Reference may be made to FIG. 1, which schematically illustrates a principle of connections within the pixel of a conventional and common TFT (Thin Film Transistor) LCD (Liquid Crystal Display). As shown in FIG. 1, a gate electrode of a thin film transistor is connected to a gate line, and the thin film transistor is controlled via the gate line to be on or off. A drain electrode of the thin film transistor is connected to a data line, a source electrode of the thin film transistor is connected to a pixel electrode, and a driving signal is provided to the pixel electrode via the data line when the thin film transistor is turned on. A parasitic capacitor Cgs is generated between the gate electrode and the source electrode of the thin film transistor, i.e. the pixel electrode is connected to the gate line via the parasitic capacitor Cgs. A liquid crystal capacitor Clc and a storage capacitor Cst are connected in parallel between the pixel electrode and a common electrode.
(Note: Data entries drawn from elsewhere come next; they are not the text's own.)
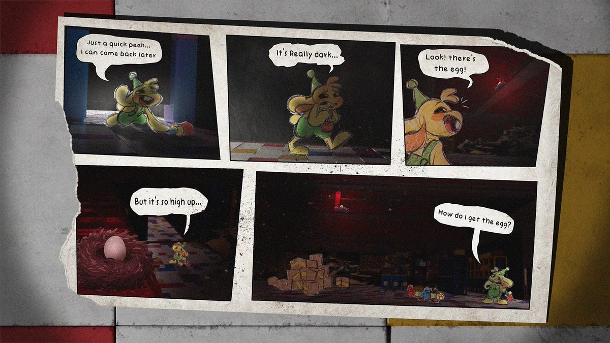 The Bunzo Bunny Easter Comic is a series of illustrated comic panels showcasing Bunzo Bunny as he tries to find the secret eggs hidden around the Playtime Co. factory. The comic was entirely posted on Mob Entertainment's Twitter account, with the community voting on what would happen over time.
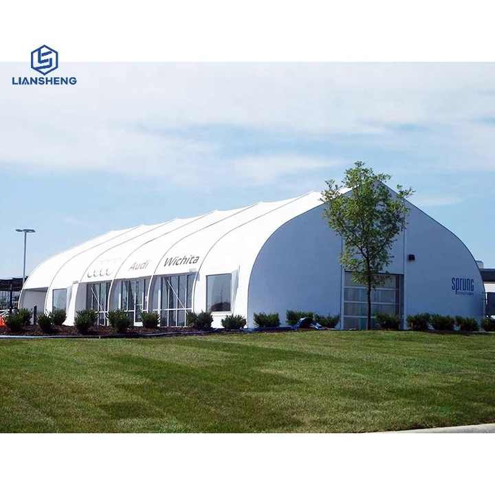 Penyesuaian Fleksibel untuk Keperluan Pelbagai Daripada saiz (lebar, panjang, ketinggian eave) kepada alat tambah berfungsi, khemah menyokong penyesuaian yang meluas. Pengguna boleh memilih antara warna fabrik yang berbeza (putih, kelabu atau warna Pantone tersuai) untuk memadankan identiti jenama atau tema acara; tambah aksesori seperti pintu bergolek, dinding kaca, lekapan lampu atau sistem lantai; dan juga menyepadukan sistem saliran atau tali angin untuk keadaan tapak tertentu. Fleksibiliti ini menjadikannya terpakai merentas industri—termasuk acara, pembinaan, pertanian (untuk penyimpanan tanaman), sukan (stadium sementara) dan bantuan bencana.
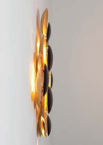 Verbindungen herstellen. Teile entdecken. Das Gemeinsame entschlüsseln. In der Wandleuchte werden die Bewegungen kleinster Teile versinnbildlicht. Alles ist im Fluß und setzt sich neu zusammen. Die 9-flammige Wandleuchte gibt uns ein Abbild unserer Stoffe, unserer Welt. Dabei sind die LED Leuchtmittel (COB) austauschbar und dimmbar. So kann die Verwandlung im Licht immer stattfinden. Das verwendete Eisenmaterial zeigt in seiner Gestaltung Gegensätze auf: einmal mit Blattgold veredelt, dann mit Schwarz gezeichnet. Und vermutet man erst, dass dieses schwarz das Licht abdeckt, läßt es dennoch das Licht auf dem goldenen Untergrund ganz neu erstrahlen. Bei längerem Hinsehen scheint es fast, als würden sich die einzelnen Kreise bewegen. Doch hier greift die eigene Fantasie ein.
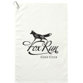 This heavyweight 3.5lb/dozen golf towel is 100% cotton and comes with a grommet and aluminum carabiner clip for attaching to your golf bag. Free embroidery run charges on up to 10,000 stitches.
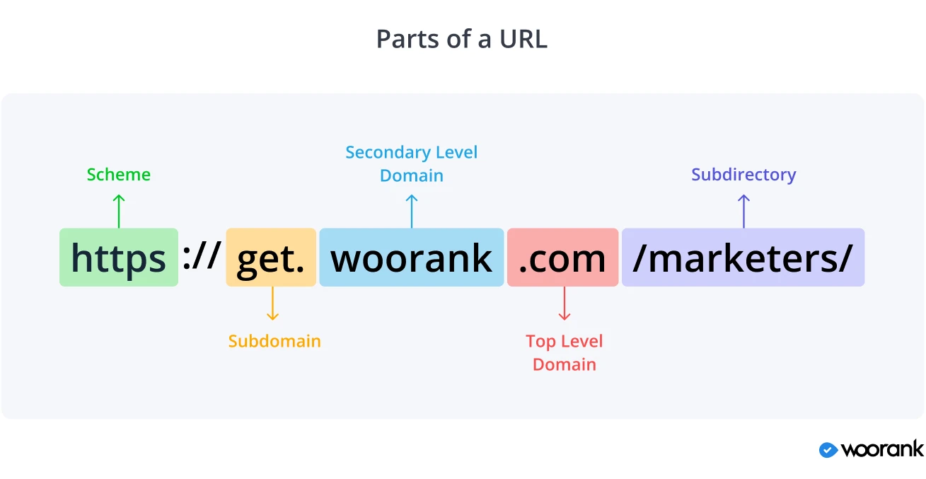 Technically, a URL has five parts – the scheme, subdomain, second-level domain, top-level domain, and the subdirectory. How these parts are structured and relate to each other is significant for your site's SEO and user experience (UX).

At instants when the thin film transistor is turned on and turned off, variation of a voltage of the gate line may affect a voltage of the pixel electrode via the parasitic capacitor Cgs, and a feed though voltage is generated on the pixel electrode, thereby affecting the quality of displayed images. A formula for calculating the feed though voltage is as follows:Vfeedthough=Vd2−Vd1=(Vg2−Vg1)*Cpg/(Cpg+Clc+Cst).
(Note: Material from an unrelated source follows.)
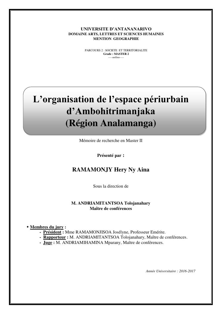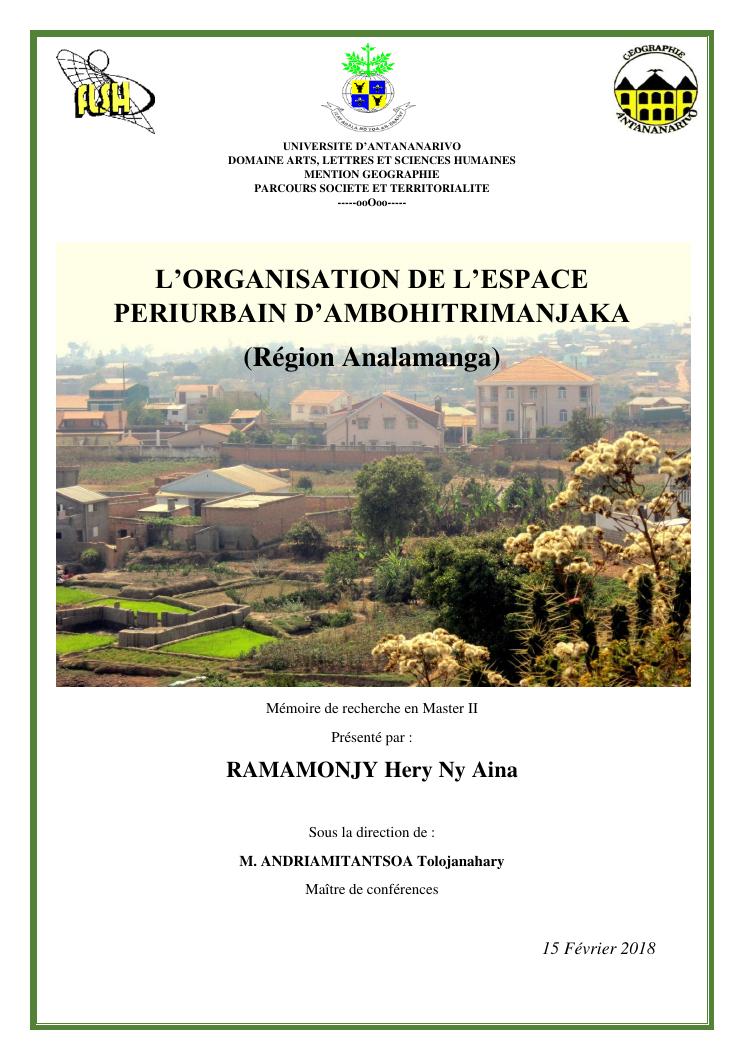 l'organisation de l'espace periurbain d'ambohitrimanjaka (région analamanga)

Vfeedthough represents the feed though voltage on the pixel electrode; Vd2 represents a voltage on the pixel electrode when the thin film transistor is turned off; Vd1 represents a voltage on the pixel electrode when the thin film transistor is turned on; Vg2 represents an output voltage of the gate line when the thin film transistor is turned off; Vg1 represents an output voltage of the gate line when the thin film transistor is turned on; Cpg represents a parasitic capacitance between the gate electrode and the source electrode of the thin film transistor; Clc represents a liquid crystal capacitance of the display device; and Cst represents a storage capacitance between the pixel electrode and the common electrode.
A formula for calculating the storage capacitance between the pixel electrode and the common electrode is: Cst=∈*S/d, where Cst represents the storage capacitance between the pixel electrode and the common electrode, ∈ represents a dielectric constant of a medium between the pixel electrode and the common electrode, S represents an overlapping area of the pixel electrode and the common electrode, and d represents a distance between the pixel electrode and the common electrode.
As can be seen from the above formula, the overlapping area of the pixel electrode and the common electrode may decrease as the area of the pixel electrode decreases, and the feed though voltage on the pixel electrode may increase correspondingly, thereby aggravating acoustic crosstalk and screen flickering occurring on the display device and affecting quality of displayed images.
Comparing with a display panel with high Pixels Per Inch (PPI, i.e., the number of pixels per inch), a display panel with high PPI includes a greater number of pixel units and has a smaller opening area of each pixel unit. Hence, the overlapping area of the pixel electrode and the common electrode in each pixel unit is significantly decreased, and accordingly, acoustic crosstalk and screen flickering are aggravated and the quality of displayed images is affected.